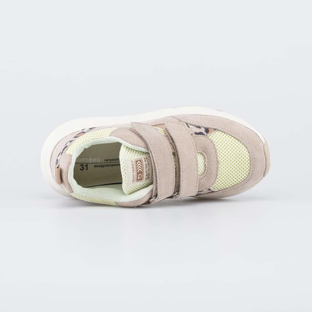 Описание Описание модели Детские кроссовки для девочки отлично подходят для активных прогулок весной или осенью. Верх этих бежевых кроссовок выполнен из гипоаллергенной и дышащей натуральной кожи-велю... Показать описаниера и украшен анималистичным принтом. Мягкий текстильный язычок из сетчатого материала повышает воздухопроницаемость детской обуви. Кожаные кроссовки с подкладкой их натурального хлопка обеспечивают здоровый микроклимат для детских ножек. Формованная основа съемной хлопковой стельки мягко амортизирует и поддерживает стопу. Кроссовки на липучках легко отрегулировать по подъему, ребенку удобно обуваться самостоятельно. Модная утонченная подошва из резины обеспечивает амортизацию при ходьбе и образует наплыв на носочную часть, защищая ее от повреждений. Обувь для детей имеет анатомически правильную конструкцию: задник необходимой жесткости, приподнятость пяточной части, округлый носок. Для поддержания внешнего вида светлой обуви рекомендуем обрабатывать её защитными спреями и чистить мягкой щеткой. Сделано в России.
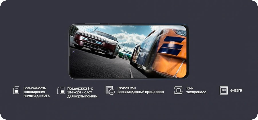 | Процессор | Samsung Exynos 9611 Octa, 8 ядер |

____

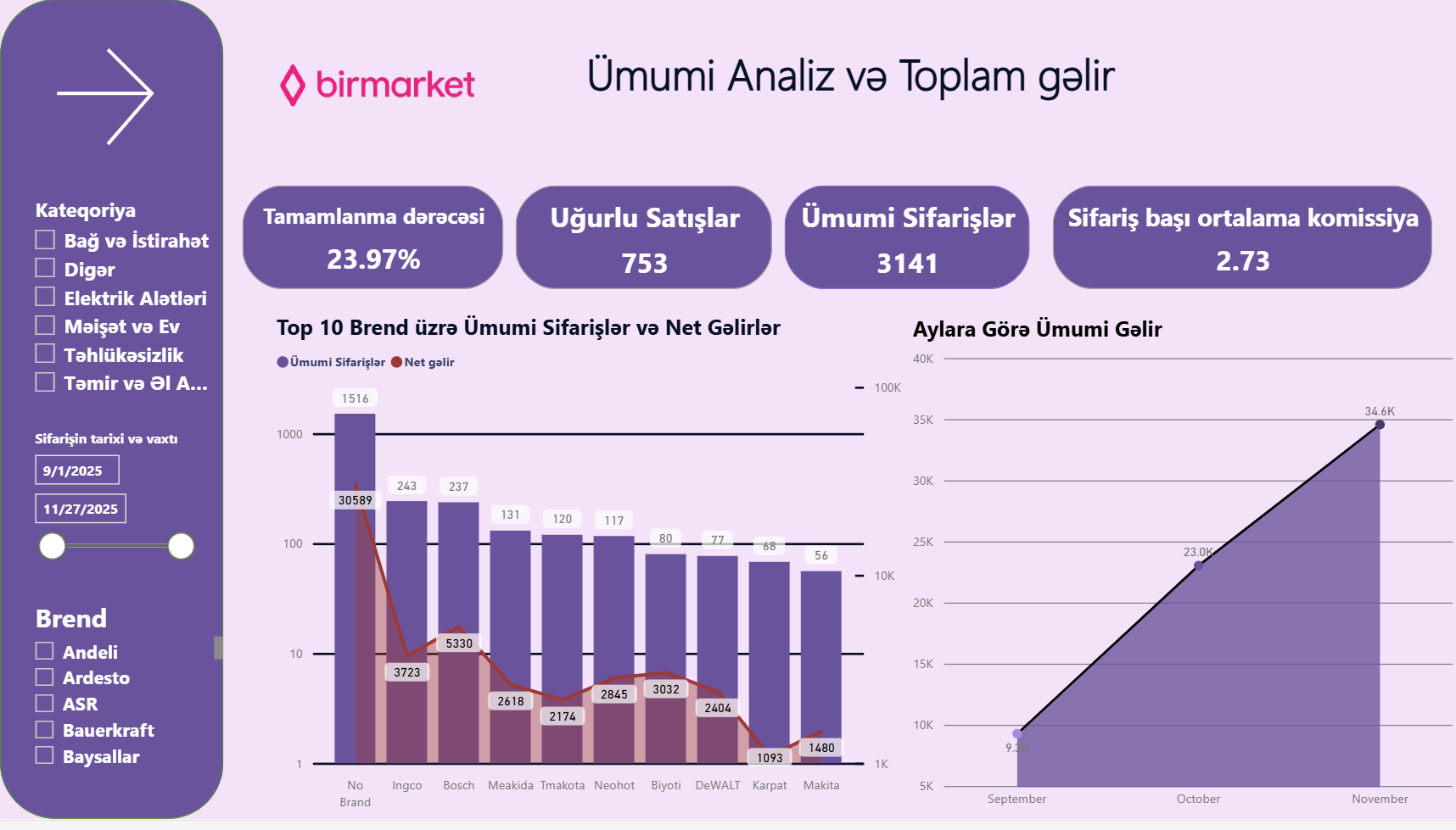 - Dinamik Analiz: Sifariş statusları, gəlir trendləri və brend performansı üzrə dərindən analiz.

____

## Exercise description
Could you write out exactly the lines of the data above that run from the one holding "Описание Описание модели" to the one holding "Octa, 8 ядер |", with both ends in and all pictures out?

## Response for this exercise
 Описание Описание модели Детские кроссовки для девочки отлично подходят для активных прогулок весной или осенью. Верх этих бежевых кроссовок выполнен из гипоаллергенной и дышащей натуральной кожи-велю... Показать описаниера и украшен анималистичным принтом. Мягкий текстильный язычок из сетчатого материала повышает воздухопроницаемость детской обуви. Кожаные кроссовки с подкладкой их натурального хлопка обеспечивают здоровый микроклимат для детских ножек. Формованная основа съемной хлопковой стельки мягко амортизирует и поддерживает стопу. Кроссовки на липучках легко отрегулировать по подъему, ребенку удобно обуваться самостоятельно. Модная утонченная подошва из резины обеспечивает амортизацию при ходьбе и образует наплыв на носочную часть, защищая ее от повреждений. Обувь для детей имеет анатомически правильную конструкцию: задник необходимой жесткости, приподнятость пяточной части, округлый носок. Для поддержания внешнего вида светлой обуви рекомендуем обрабатывать её защитными спреями и чистить мягкой щеткой. Сделано в России.
 | Процессор | Samsung Exynos 9611 Octa, 8 ядер |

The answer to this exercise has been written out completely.